Considering the amount of unique challenges women face in the music industry, there is surprisingly (and unsurprisingly) a pretty big lack of community for female musicians. I wrote about the idea of “mean girls,” and how females tend to put each other down rather than support each other in successes, and the music industry is certainly no exception to that. It is incredibly difficult to make it in the music industry regardless of gender, so it is unlikely that you’re going to go out of your way to ensure that someone else is successful over yourself. It’s a competitive dog-eat-dog business, and women will run the gamut from simply being aloof towards other female musicians, to women who sabotage each other to get ahead. While there are plenty of awesome, supportive female musicians out there, there are also a lot of actual cutthroats, which makes it hard to trust anyone completely.

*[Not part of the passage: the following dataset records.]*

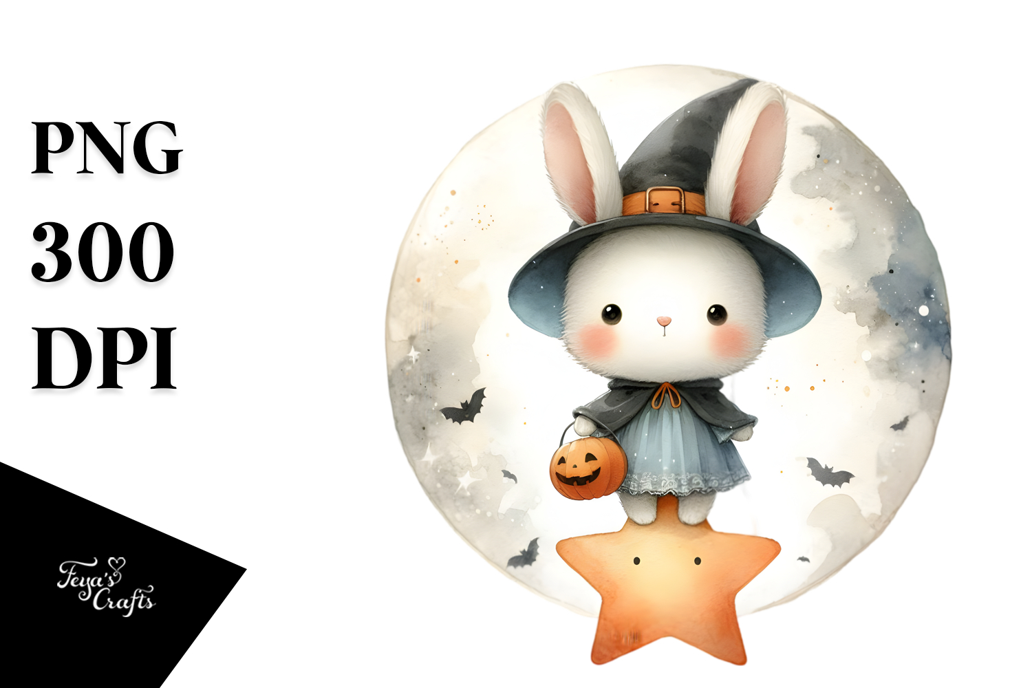 Cute Baby Bunny Dressed for Halloween PNG example image 1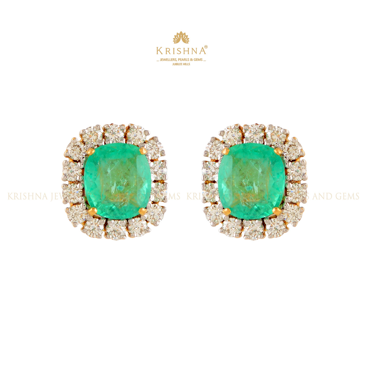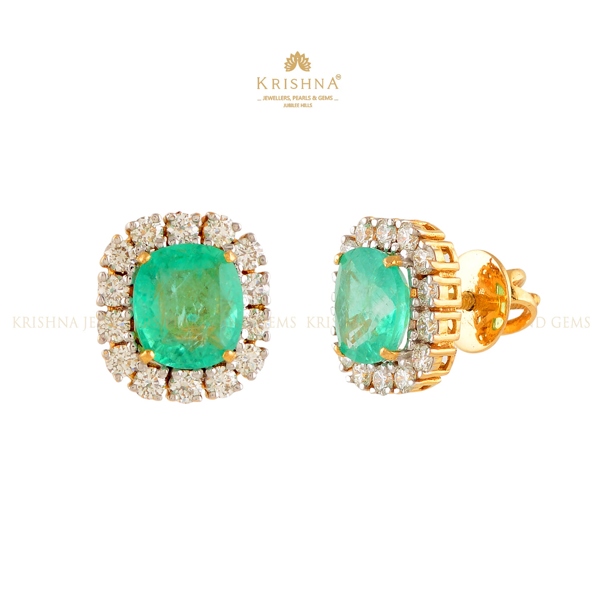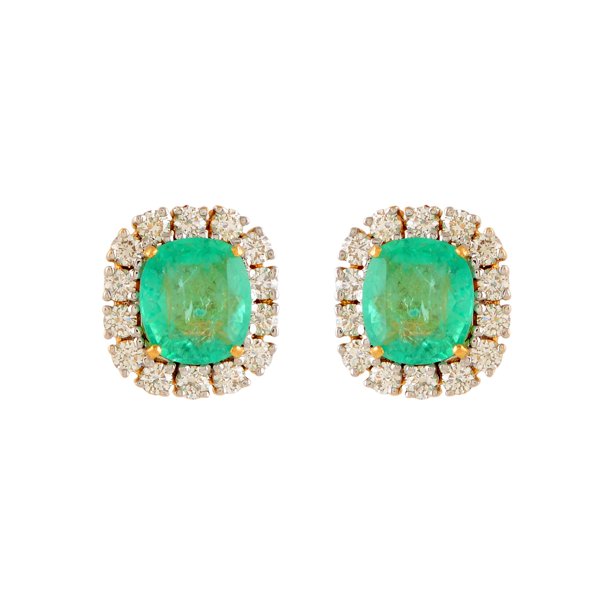 This simple stud features a unique geometric shape with an oval emerald at the center, adding a vibrant pop of color. The diamonds are strategically placed to enhance the overall design, giving it a contemporary look.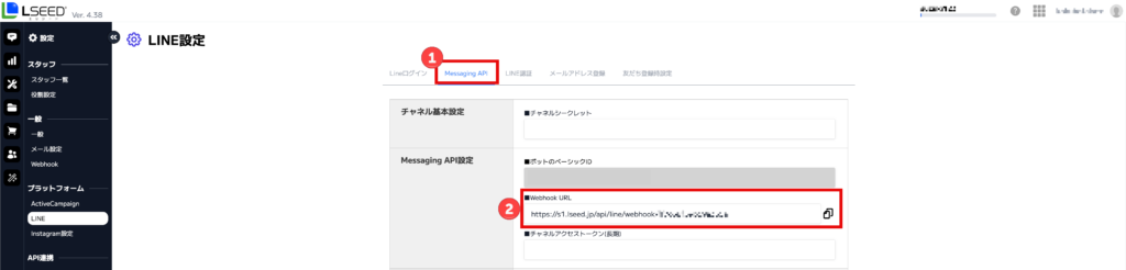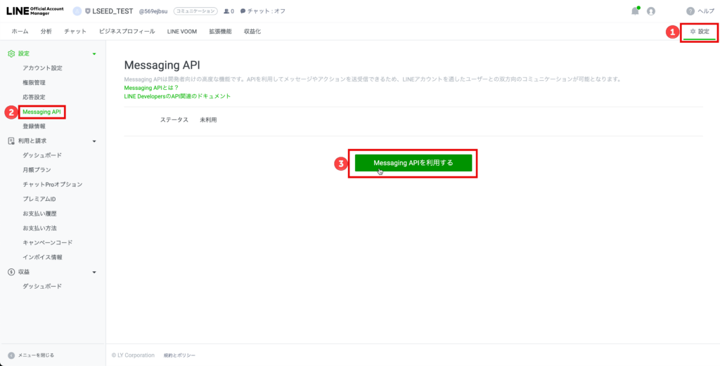 ① LSEED>設定>LINE>Msessaging APIを押下します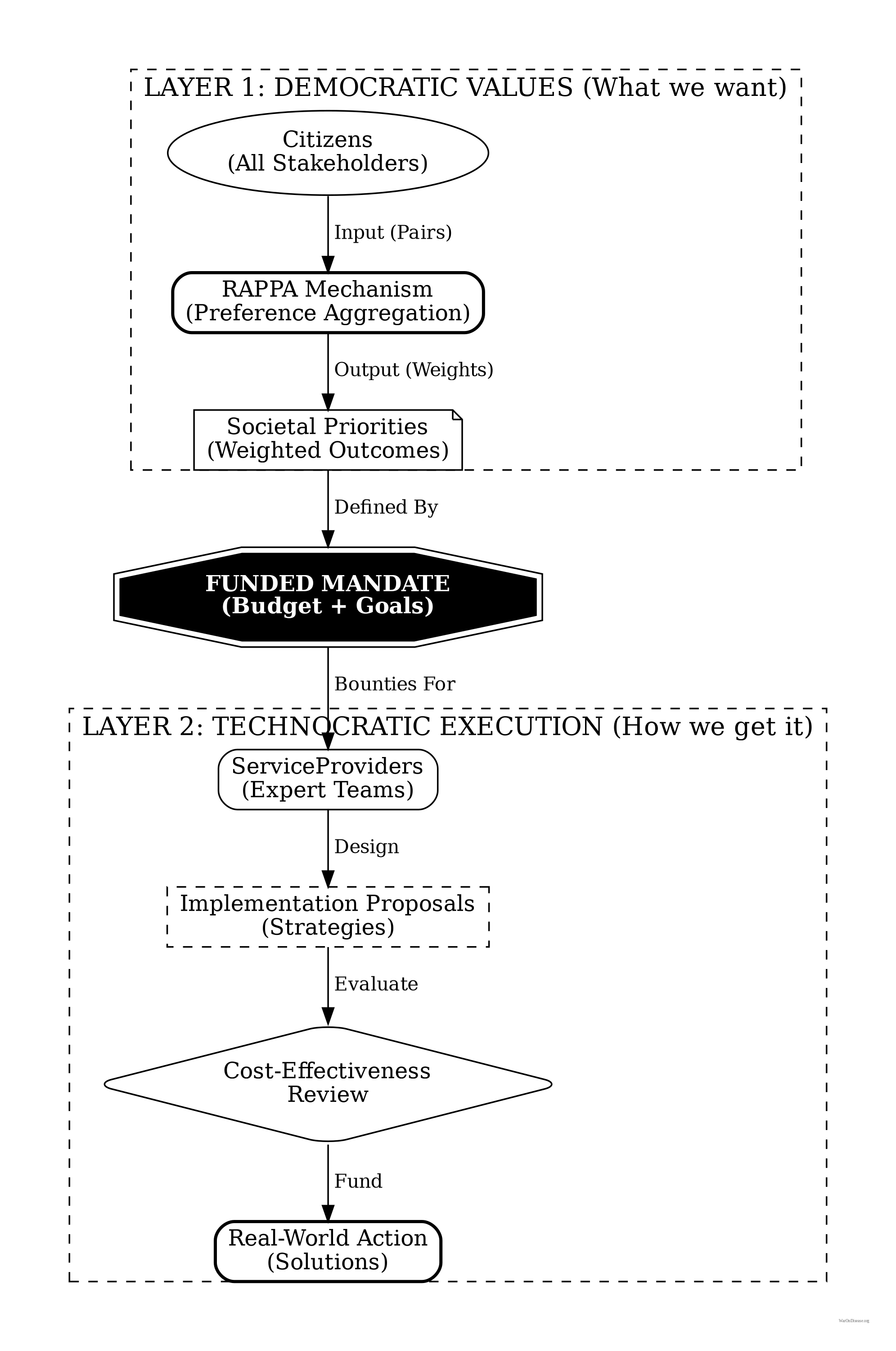 Wishocracy implies a separation of concerns: RAPPA determines what society values (the priority vector \(\mathbf{w}\)), while the implementation of those priorities is handled by a separate layer of competitive problem-solving organizations (see Appendix A: The Solution Layer). This distinction prevents the mechanism from bogging down in technical debates during the preference aggregation phase.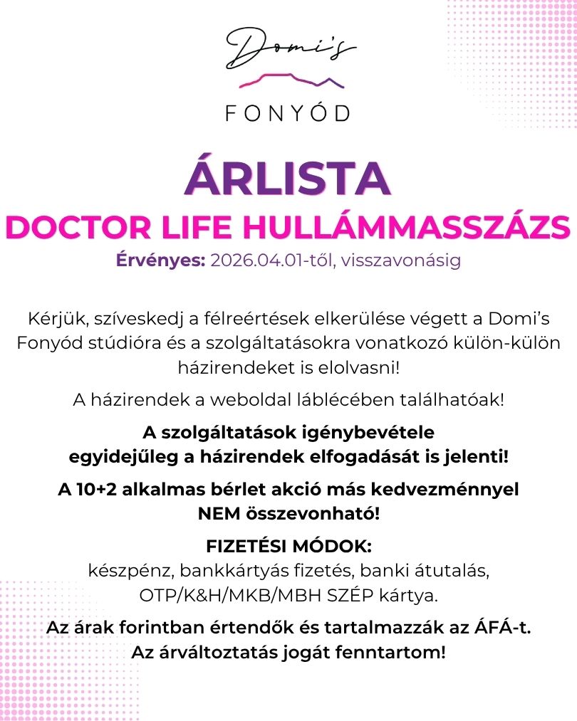 - A hullámmasszázs kezelések között minimum 1 nap kihagyás szükséges.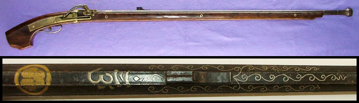 火縄銃 巻張 山田三十作 (真田六文銭に鶴に鯉の滝登りの象嵌)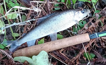 Сегодня снова съездил на ту же микро-речку, только ещё выше по течению, там я ещё ни разу не был. В этот раз мелких (10-12 см) не попалось ни одного. Самый крупный, как и в прошлый раз - 170 г, самый мелкий - 110 г. (в прошлый раз - ровно 100), всего 4 рыбки. Как и в прошлый раз, все с икрой или с молоками. Прошёл за три часа, если по прямой, почти 2 км. В реке много завалов, большинство приходилось пропускать, поскольку закинуть даже арбалетным забросом было невозможно. Бобровая плотина встретилась одна, но какая! - выше моего роста: стоя внизу, я не видел поверхности воды за нею! Выше вся луговина была затоплена, и приходилось сделать не один крюк, чтобы подобраться к основному руслу. Метров на 200 выше неё течения практически не было, но один хариус клюнул и в стоячей воде. Остальные же брали в русле на течении.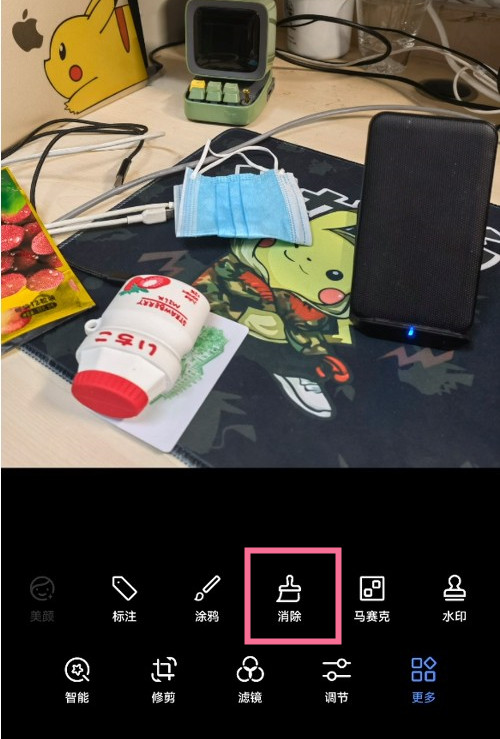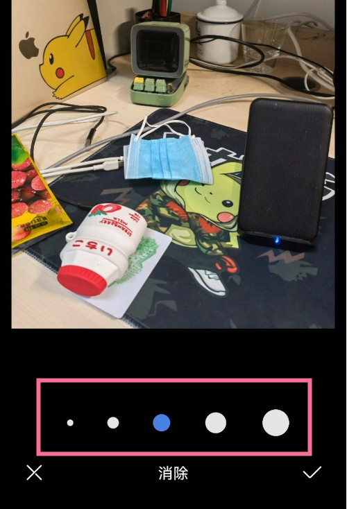2、进入更多>消除,根据想要消除的对象选择合适的画笔大小,对其进行涂抹并覆盖完成点击保存即可。

9. You’ll be judged on your looks, often more than on your actual musicianship.
Ever notice that most of our superstar female musicians are under 25, and fit traditional beauty standards? Unfortunately, women in pretty much all walks of life are subject to being judged on their looks, and there is no industry where this is more true than the entertainment biz. Not only will your success depend upon your looks, but also on how willing you’ll be to alter your looks, in order to appeal to a certain audience. How much skin are you willing to show? What kind of clothes are you willing to wear? Would you consider plastic surgery? While a lot of this might seem like an issue that only affects people signed to major labels, it exists on the local music scene too. Many female musicians feel pressured to compromise their own comfort levels in order to look a certain way, or at the very least stop being true to themselves, in hopes of getting ahead.
10. You’ll be given a lot of advice, usually unwanted, from people who think they know better.
A lot of people, usually older male musicians, are going to constantly be giving you advice whether you asked for it or not. You should sing higher because girls sing high (what, Annie Lenox? Forget about her!), you shouldn’t sit behind the piano because it hides you, maybe if you dyed your hair people would take you more seriously, you should play more Joni Mitchell covers because isn’t that what girl singer-songwriters do? (By the way, that’s all actual advice I’ve been given). Sometimes it’s because they’re a bit egotistical, and sometimes it might be coming from a genuine place of wanting to be helpful. Either way, it usually comes off like they’re trying to tell you what to do because they’re a man, they’ve been in the business longer, and they know better than you. Because there’s no way you could figure things out for yourself. You’re just a girl.
11. But not everyone is out to get you.
OK, this one isn't really a challenge so much as trying to end on a positive note. This article has definitely pointed out the worst of the worst, and by no means applies to everyone. When I was a teenager, I used to think that if I ever got to be in a band, it would be because they wanted the token girl, or the “eye-candy,” and nothing more. What I’ve found is that there are a lot of really amazing, supportive musicians, male and female, who not only think you’re a good musician, but actually want to play with you because of it. There are a lot of producers, managers, and venue owners who want to work with you, not because you’re a girl but because you’re good at what you do. So while the battle for equality is not over, it’s certainly not lost either.